Cancer might become more common in the United States, the European Union, and Japan because the average age of their populations is increasing. In the United States, the number of cancer patients over the age of 85 is expected to increase fourfold between 2000 and 2050 (ref. 1). Progress in medicine already extends the lives of many cancer patients, and so the number of people experiencing relapse or developing metastases may well increase in the future. The therapeutic cancer vaccines currently in clinical development have the potential to help this population of cancer patients.

However, there are several obstacles that could prevent new products from reaching the market. First is the enormous number of tumor antigens, adjuvants, and strategies that could be used to create therapeutic cancer vaccines: it will not be possible to study every permutation in patients to find the optimal product, so effective methods for weeding out preclinical candidate vaccines are needed. Second is the inexperience of the sponsoring companies, the majority of which are biotechnology companies, each with fewer than three cancer vaccines in clinical development and no marketed therapeutics. The pharmaceutical industry can offer little guidance: the few multinational pharmaceutical companies that specialize in vaccines develop prophylactic rather than therapeutic vaccines, and these generally protect against infectious diseases. Third is the novelty of the products: the cancer vaccines are disparate enough that the experiences of one company might not be useful to another.

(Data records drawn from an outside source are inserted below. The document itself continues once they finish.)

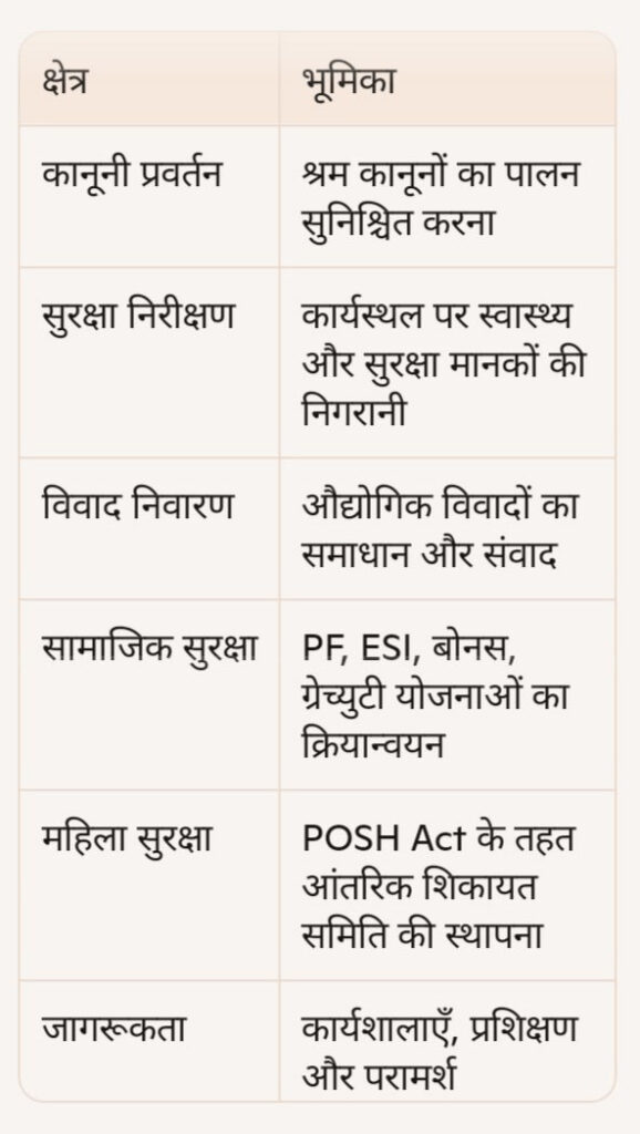 जिला श्रम आयुक्त कार्यालय का पदेन कार्य है कि उसे नियमित तौर पर कारखाना / कार्यालय का निरीक्षण कर यह देखना होता हैं कि सुरक्षा उपकरण, स्वास्थ्य सुविधाएँ और कार्य परिस्थितियाँ मानक के अनुरूप श्रमिकों की सुरक्षा और उनके हितों की रक्षा हो रही है व महिला कर्मचारियों के लिए POSH Act, 2013 के तहत आंतरिक शिकायत समिति की स्थापना तथा नियमानुसार कार्यान्वयन होने की सुनिश्चितता कर निगरानी करना होता है । - विवाद निवारण करने में निर्णायक भूमिका निभाना।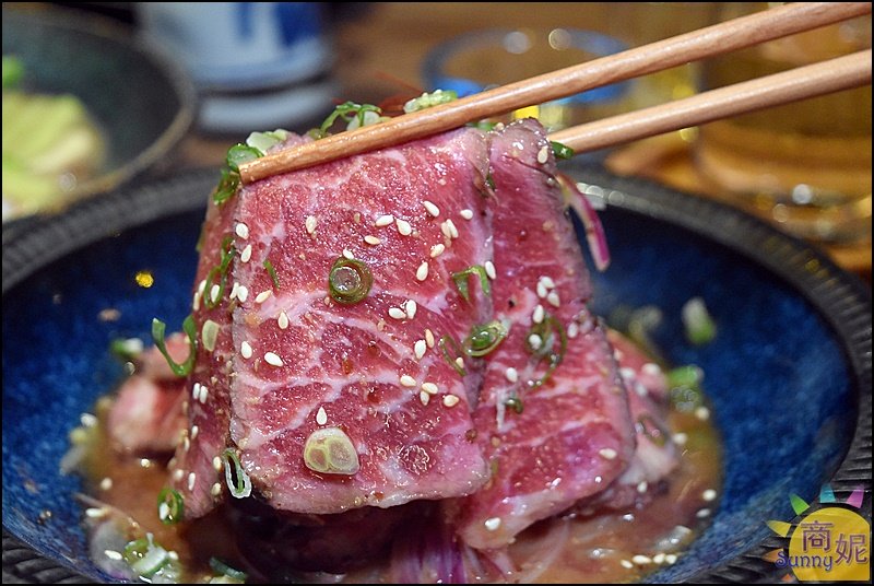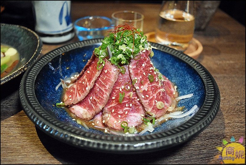 ▼另外,喜歡吃生食的朋友們可以嘗試這道「生牛肉」,以油花分佈均勻的板腱肉製作,口感多汁又嫩,再搭上洋蔥與和風胡麻醬的滋味,清爽又甘甜的滋味讓人一吃就愛上!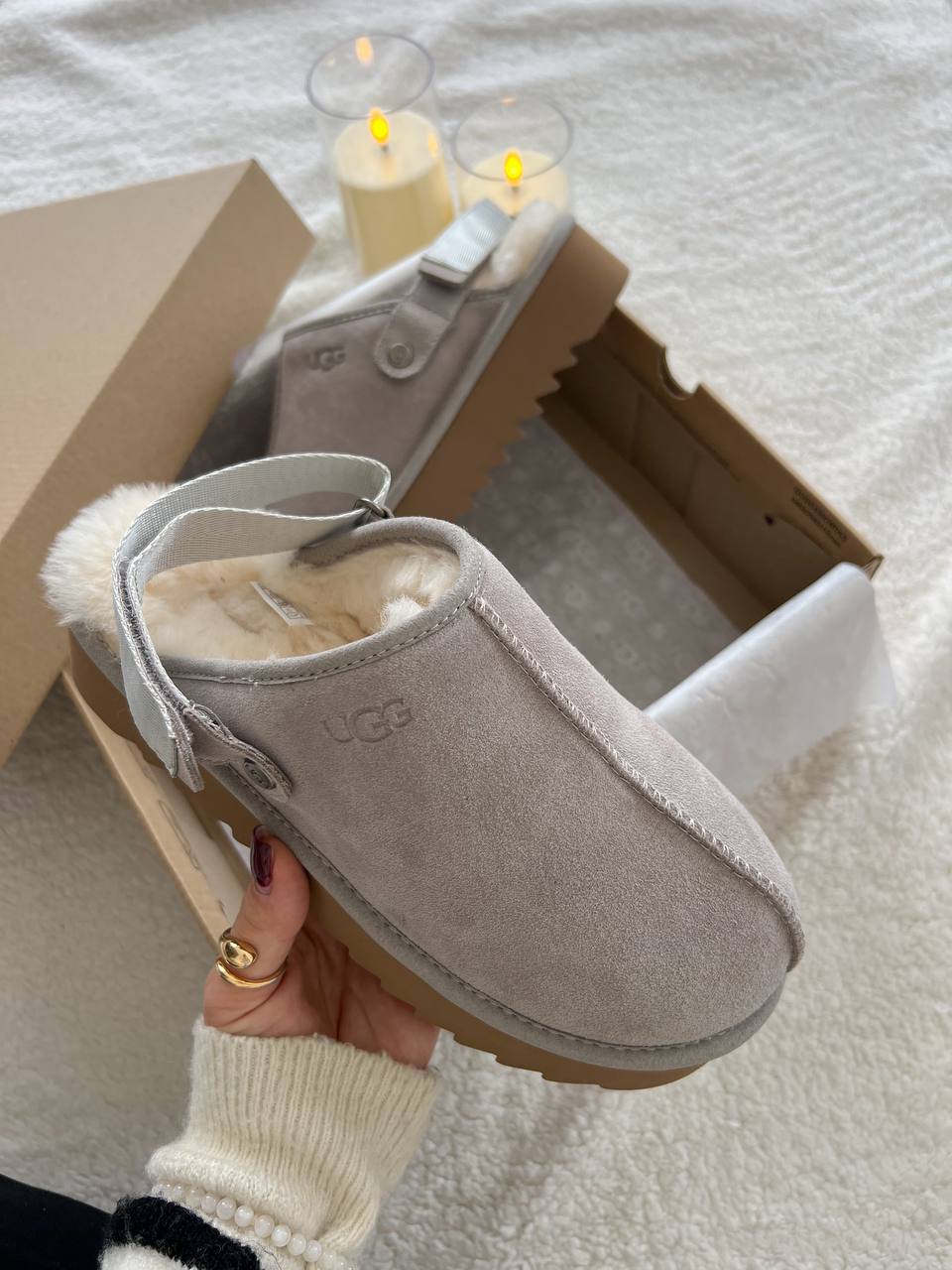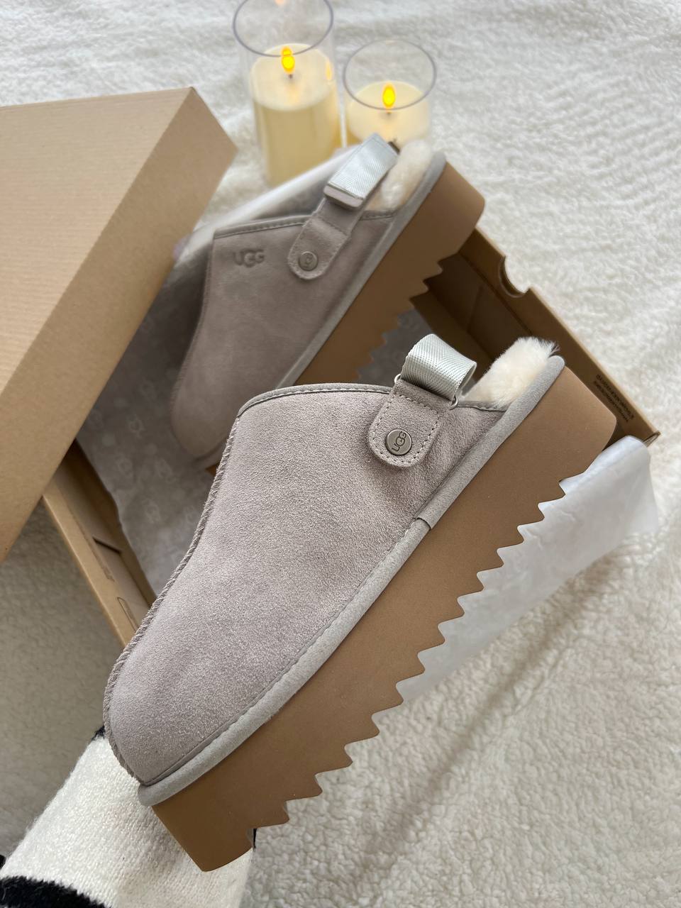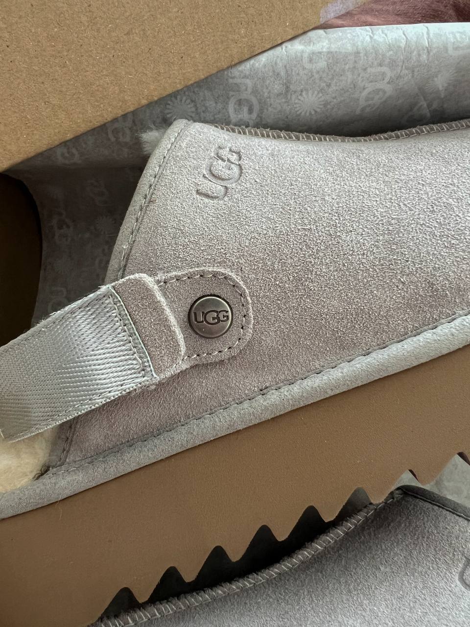 Ugg Lanah Clog Brown Grey Platform — це модні сабо на масивній платформі в поєднанні коричневого та сірого кольорів, які поєднують вінтажний стиль, сучасний силует і фірмовий комфорт UGG.
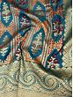 Beautified by gracious floral and flowering creepers created with fine Zari threads, this Banarasi Patan Patola silk sari sticks to the ethnic motifs for its charm, and the result is amazing.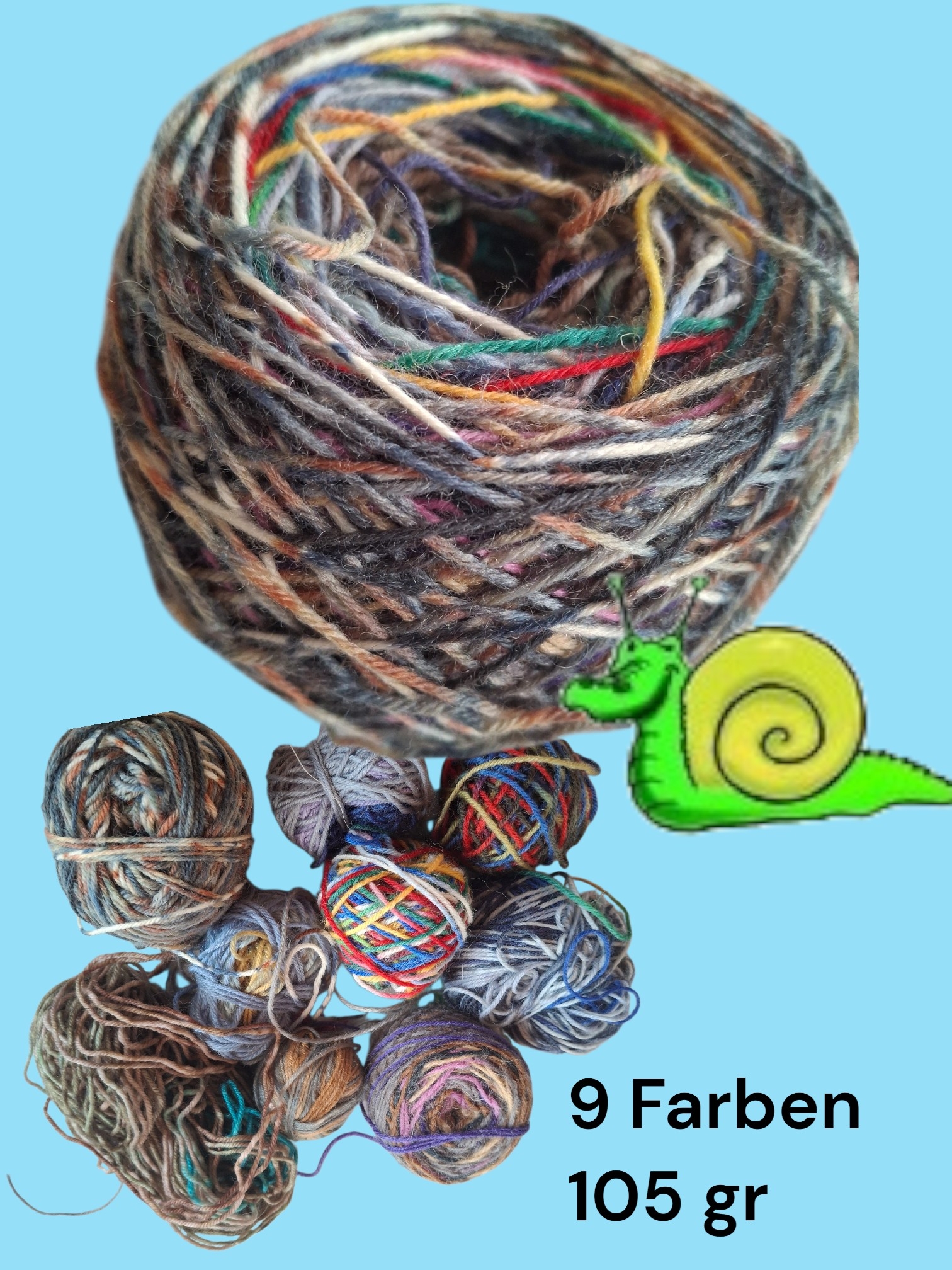 Du erhälst das hier abgebildete Garn - bestehend aus den gezeigten Wollresten. Jede Spleißverbindung wurde geprüft, damit sich nichts auflösen kann. Es können an den Enden sehr kleine Fädelchen entstehen, die sich beim Stricken jedoch wunderbar ins Bild einfügen. Die Sockenwolle ist Strickmaschinen geeignet - ich stricke selbst von Hand und auch mit einer CSM.
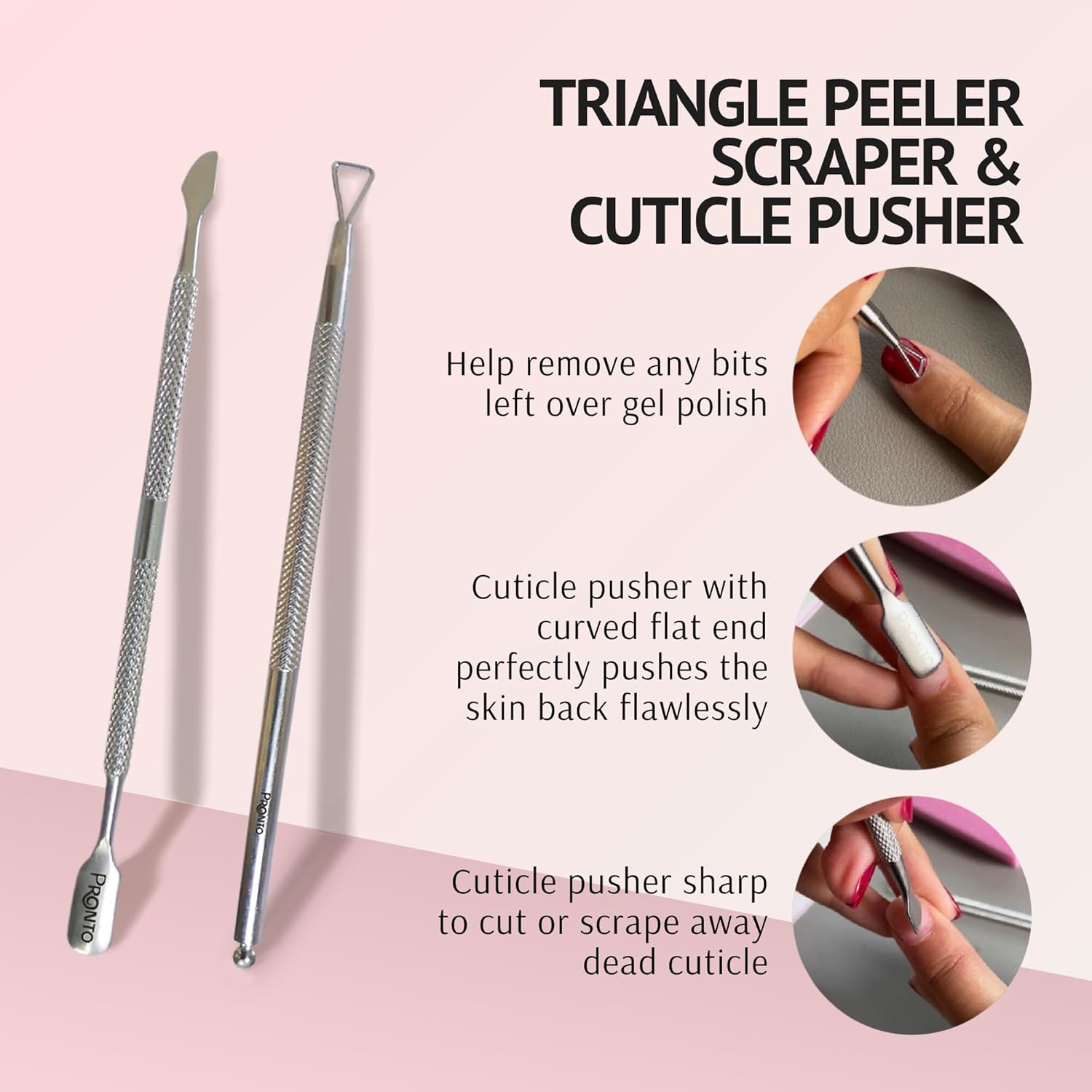 - ULTIMATE NAIL CARE KIT: Say goodbye to stubborn cuticles with our cuticle remover tools. Featuring a Cuticle pusher, Nail File, Nail Buffer, and Nail Scraper. This set is designed to provide the ultimate cuticle care, keeping your nails looking neat and polished!

The most pressing issue is whether these obstacles will result in delays in approvals for the products. Certainly, the novelty of the products could be a drawback during the approval process because of the relative lack of experience and scientific expertise at the FDA in reviewing cancer vaccines. Potentially, there could also be a higher level of scrutiny for therapeutic cancer vaccines, which act by less well-studied mechanisms than those of anticancer mAbs and NCEs. Similar factors might also hinder approvals in the European Union and Japan.

In the United States, companies can speed the process of clinical development by using the FDA's Fast Track program (legislated as part of the FDA Modernization Act of 1997), designed for therapeutics that have the potential to address unmet medical needs and can treat serious and life-threatening diseases. The program provides sponsors with additional avenues for communication with the FDA during the clinical development of a product with a Fast Track designation. Currently, only 2 of the 52 cancer vaccines in development have this designation. In addition, these products might be eligible for priority review, reducing the time until the FDA's first action (the first formal response to the application submitted) on the licensing application to six months or less.

Therapeutic cancer vaccines have the potential to change the standard of care for cancer patients. However, the companies developing these products face a number of obstacles, in part because of the diversity and novelty of the products. The challenge for the future will be to rationally design products based on optimized strategies, target only the most promising candidates emerging from preclinical models, and carefully design clinical studies in relevant patient populations to ensure that cancer vaccines reach the patients that so desperately need them.